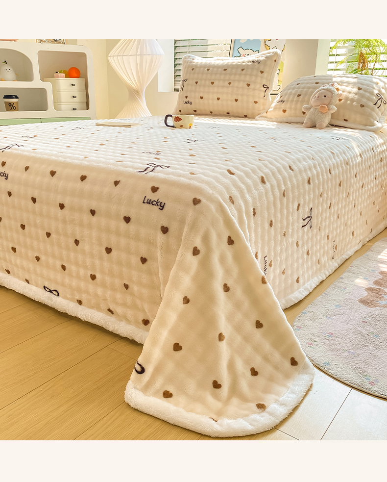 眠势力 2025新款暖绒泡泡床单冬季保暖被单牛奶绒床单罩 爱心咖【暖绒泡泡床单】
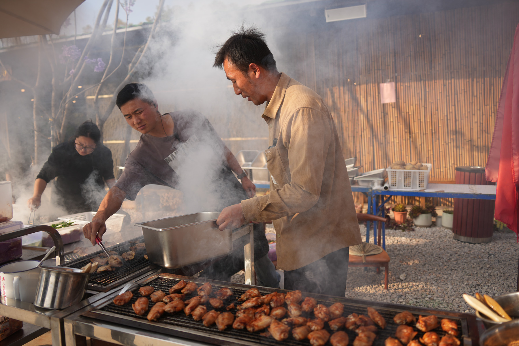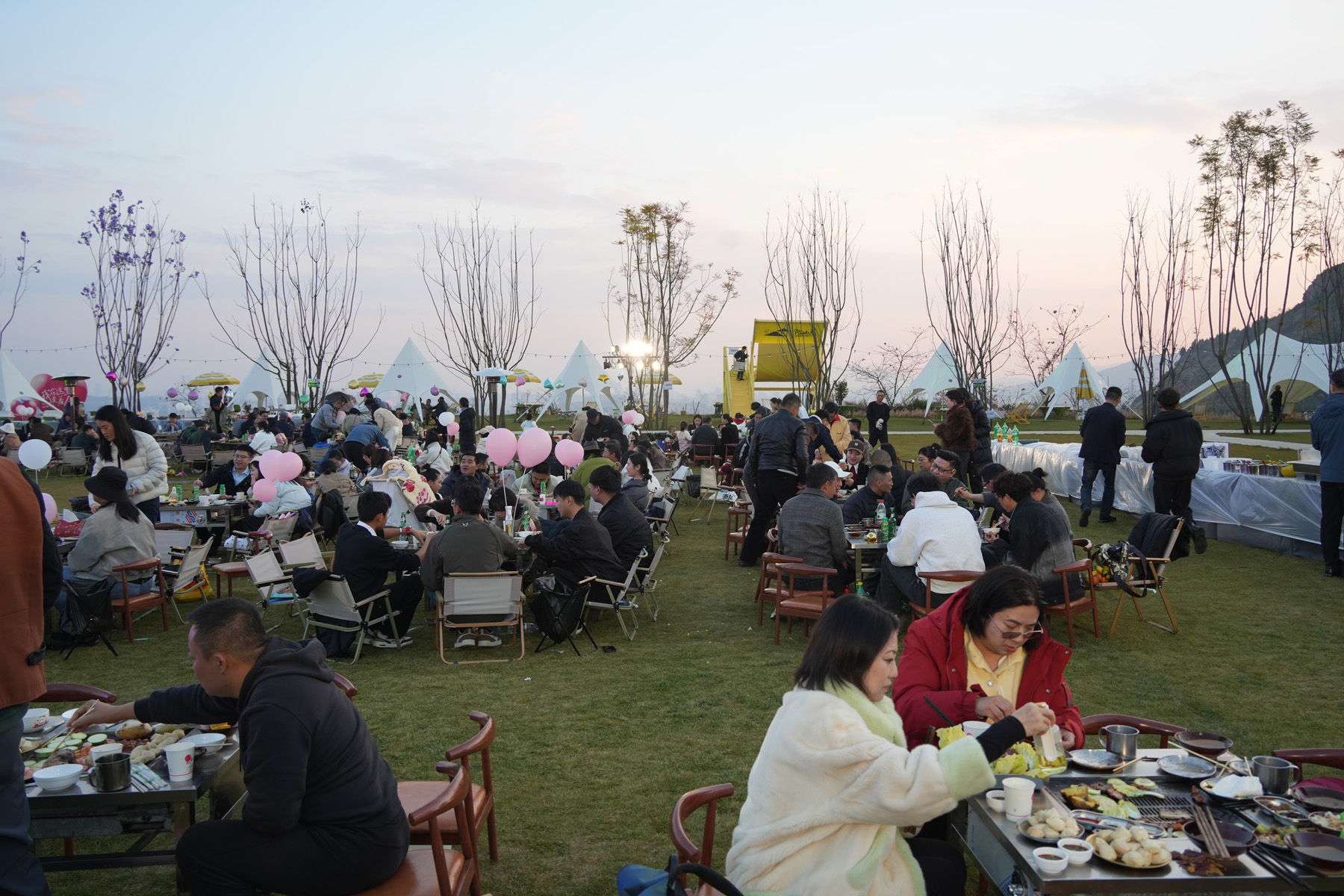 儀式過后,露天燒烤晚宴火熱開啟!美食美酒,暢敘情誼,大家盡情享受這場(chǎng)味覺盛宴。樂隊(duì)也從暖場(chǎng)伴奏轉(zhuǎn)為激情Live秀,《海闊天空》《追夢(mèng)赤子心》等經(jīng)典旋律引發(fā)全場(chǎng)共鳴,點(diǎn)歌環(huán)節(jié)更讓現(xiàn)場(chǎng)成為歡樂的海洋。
--
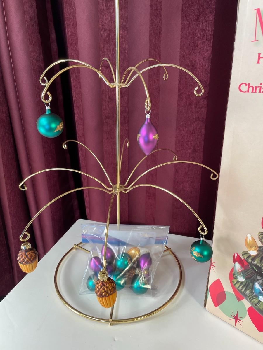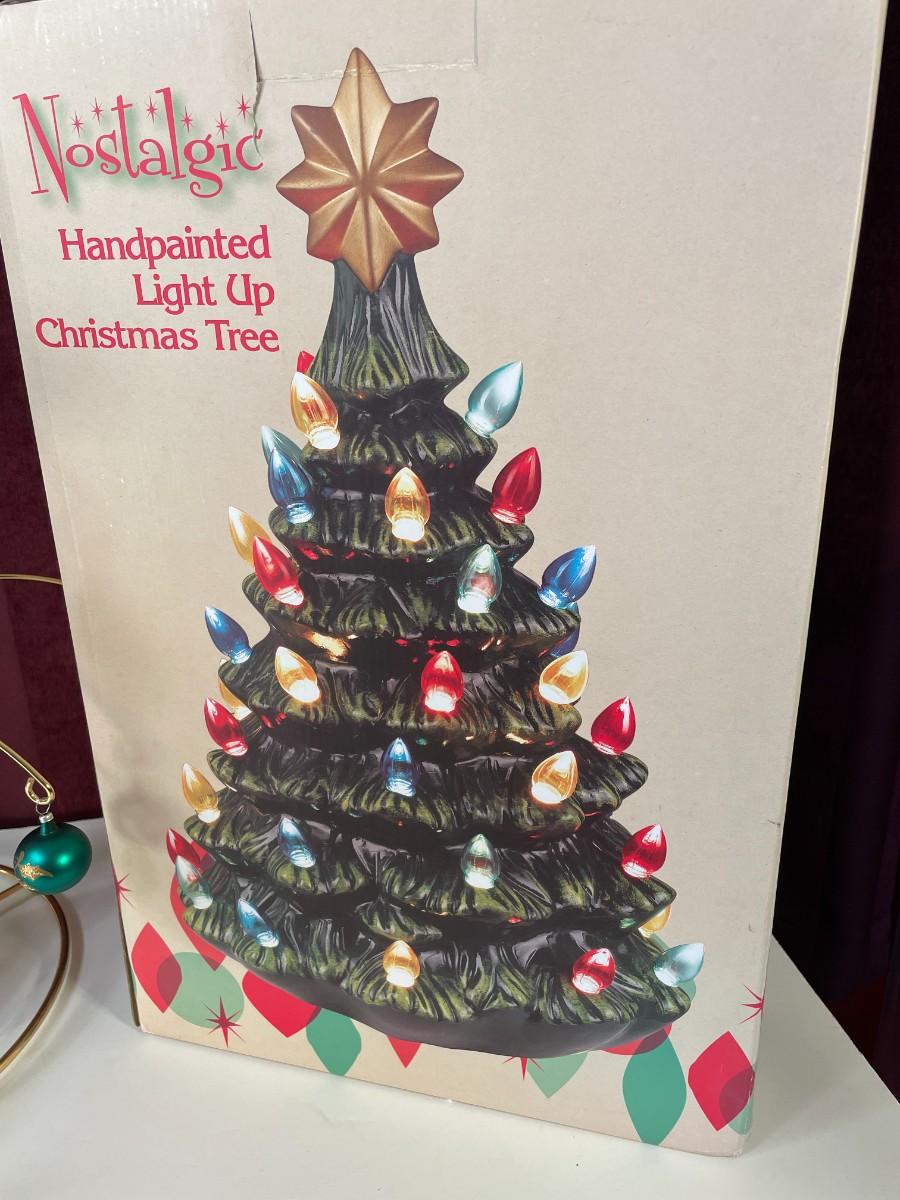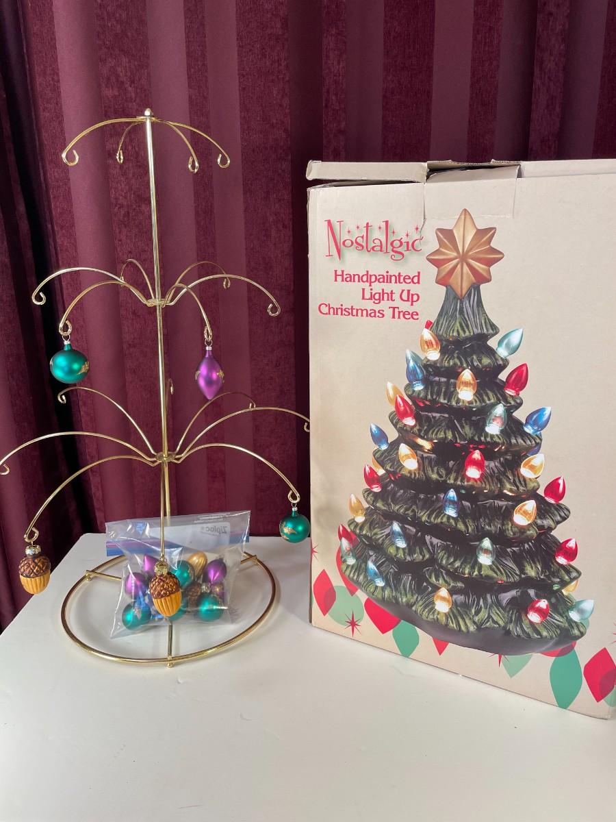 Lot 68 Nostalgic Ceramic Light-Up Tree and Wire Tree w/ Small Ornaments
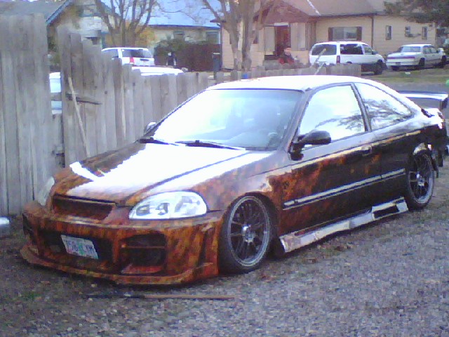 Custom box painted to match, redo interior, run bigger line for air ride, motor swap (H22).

» Your task
Look above for the line with "眠势力 2025新款暖绒泡泡床单冬季保暖被单牛奶绒床单罩 爱心咖【暖绒泡泡床单】" and the line with "儀式過后,露天燒烤晚宴火熱開", then restate exactly those two lines and all lines between them, with no pictures.

» Response to the task
 眠势力 2025新款暖绒泡泡床单冬季保暖被单牛奶绒床单罩 爱心咖【暖绒泡泡床单】
 儀式過后,露天燒烤晚宴火熱開啟!美食美酒,暢敘情誼,大家盡情享受這場(chǎng)味覺盛宴。樂隊(duì)也從暖場(chǎng)伴奏轉(zhuǎn)為激情Live秀,《海闊天空》《追夢(mèng)赤子心》等經(jīng)典旋律引發(fā)全場(chǎng)共鳴,點(diǎn)歌環(huán)節(jié)更讓現(xiàn)場(chǎng)成為歡樂的海洋。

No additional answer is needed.